Then, we add this section to app/build.gradle to include the libddea.so in our APK built (library files are copied to app/libs):

// Ref: https://stackoverflow.com/questions/29414950/how-to-include-so-file-in-android-gradle-application
android{
    ....
    sourceSets {
        //noinspection GroovyAssignabilityCheck
        main {
            jni {
                srcDirs = []
            }

            jniLibs {
                srcDir 'libs'
            }
        }
    }
}

When we run it, we will see the password printed out.

So the password is L1v3p2Zzw0rD. We enter it in the original login app (see screenshot above), we see this in our logcat:

So this is the flag, which is the sha256 hash of the password. DSO-NUS{71bcade1b51d529ad5c9d23657662901a4be6eb7296c76fecee1e892a2d8af3e}.

Conclusion

That's all about the steps to solve these two questions. As I am not very familiar with many of these techniques, it took me much time to solve each of them. The question of babyNote is also interesting (though it took me entire afternoon ~5 hours to solve it). The challenge website has been closed so I can't introduce it.
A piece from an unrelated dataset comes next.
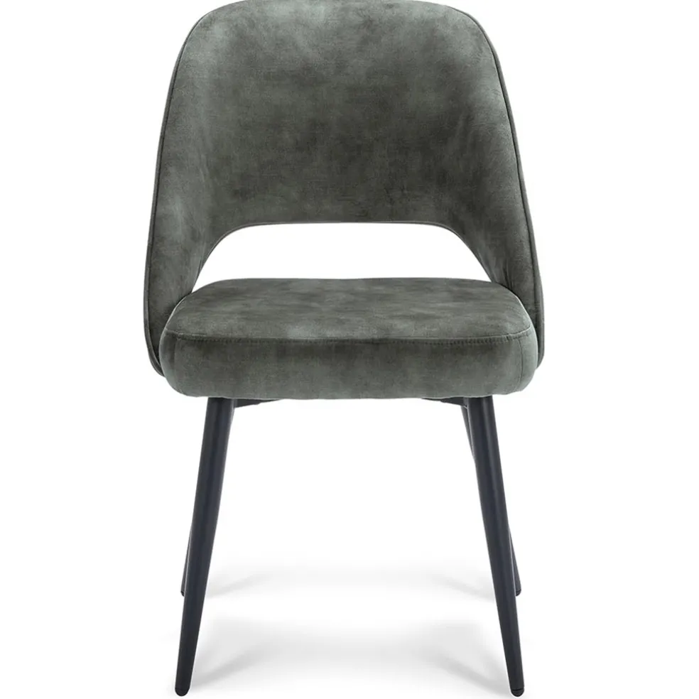 Chique, trendy en comfortabel. Deze fijne stoel zorgt met het wat dikkere zitkussen voor een fijne zit die wordt versterkt door de rugleuning. Deze is van onder open voor een mooi open effect. De zitting en de rugleuning zijn volledig van een velourse stof wat een chique luxe uitstraling geeft. Het stiksel op de rug geeft hier nog extra allure aan. De eetkamerstoel is verder afgewerkt met zwarte pootjes.

I have attached files for Three Trials and Login. If you are interested, you can also try to solve it yourself.

Archive for Three Trials: Click Here (both original binary and python scripts included)
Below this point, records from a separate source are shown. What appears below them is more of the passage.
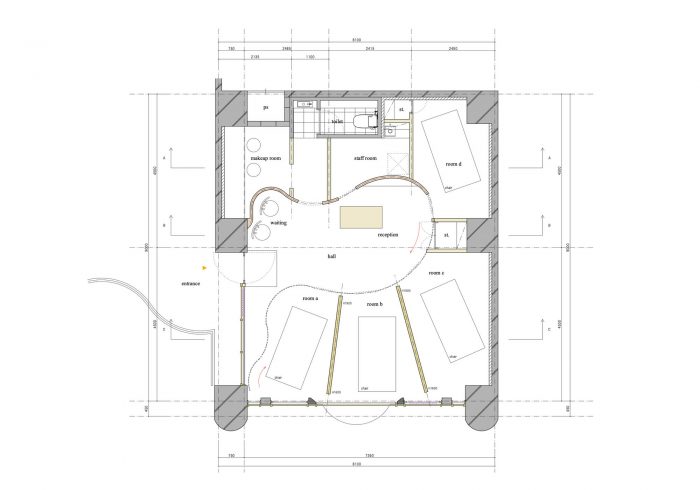 所需的功能包括一个接待区,四个治疗室,一个供手术后使用的化妆室,以及其他设施(厕所和办公室)。这些功能在规划的建筑中被自由安排,同时确保对公园的可见性,并创造了另一个空间,将这些功能一气呵成地连接起来。
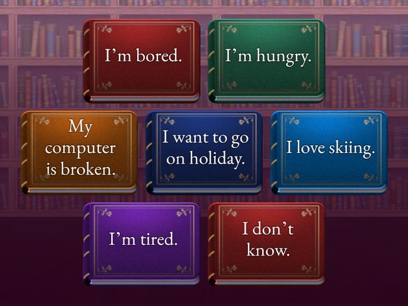 I don’t know. - Why not ask your sister?, I love skiing. - Let's go to the mountains., I’m hungry. - Shall we order a pizza?, I’m tired. - Why don't we play football later?, My computer is broken. - Why not buy a new laptop?, I want to go on holiday. - Let's go to Italy in May., I’m bored. - Why don't we fish now?,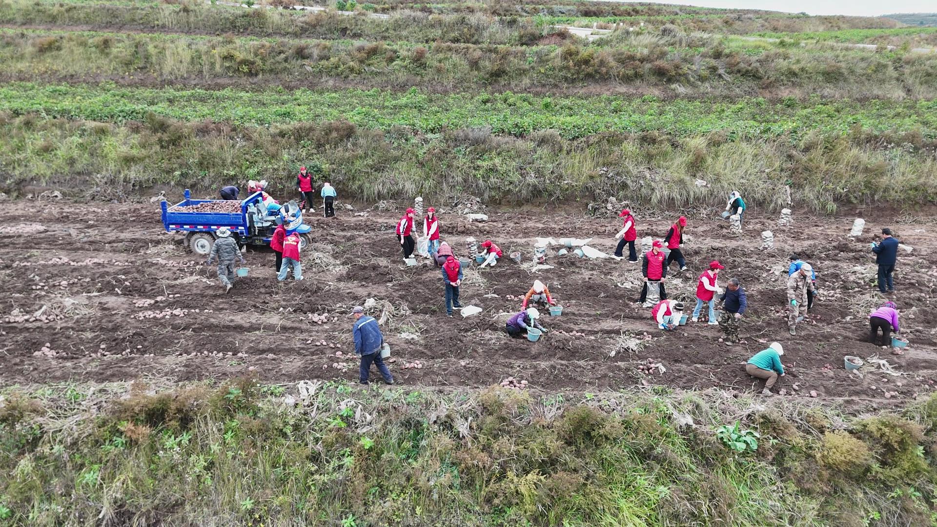 10月14日,在观庄乡马铃薯种植基地,大型农机在田垄间轰鸣穿梭,一个个饱满的马铃薯随之破土而出,铺满地面。紧随其后的,是身穿红色志愿服的党员干部与农户们忙碌的身影。他们分工协作,弯腰拾捡、装袋运输,动作麻利,干劲十足。汗水浸湿了衣衫,泥土沾满了裤脚,但田间洋溢的欢声笑语,却真切地诉说着抢收的效率和丰收的喜悦。

Archive for Login: Click Here (contains original apk, decompiled apk and the source for the new application - apk for the new app can be found at login.apk-repack/app/build/outputs/apk/debug.

Disclaimer: The blog image (that Earth picture) is obtained from DSO-NUS CTF's website. If copyright is infringed, please email me immediately to take it down.
All the contents in this blog (including but not limited to text and images), unless explicitly specified, are licensed under CC BY-NC-SA 4.0.

Tags

Howard Liu

在读大学生,平常使用窝窝屎提高血压和听网课使自己更快入睡。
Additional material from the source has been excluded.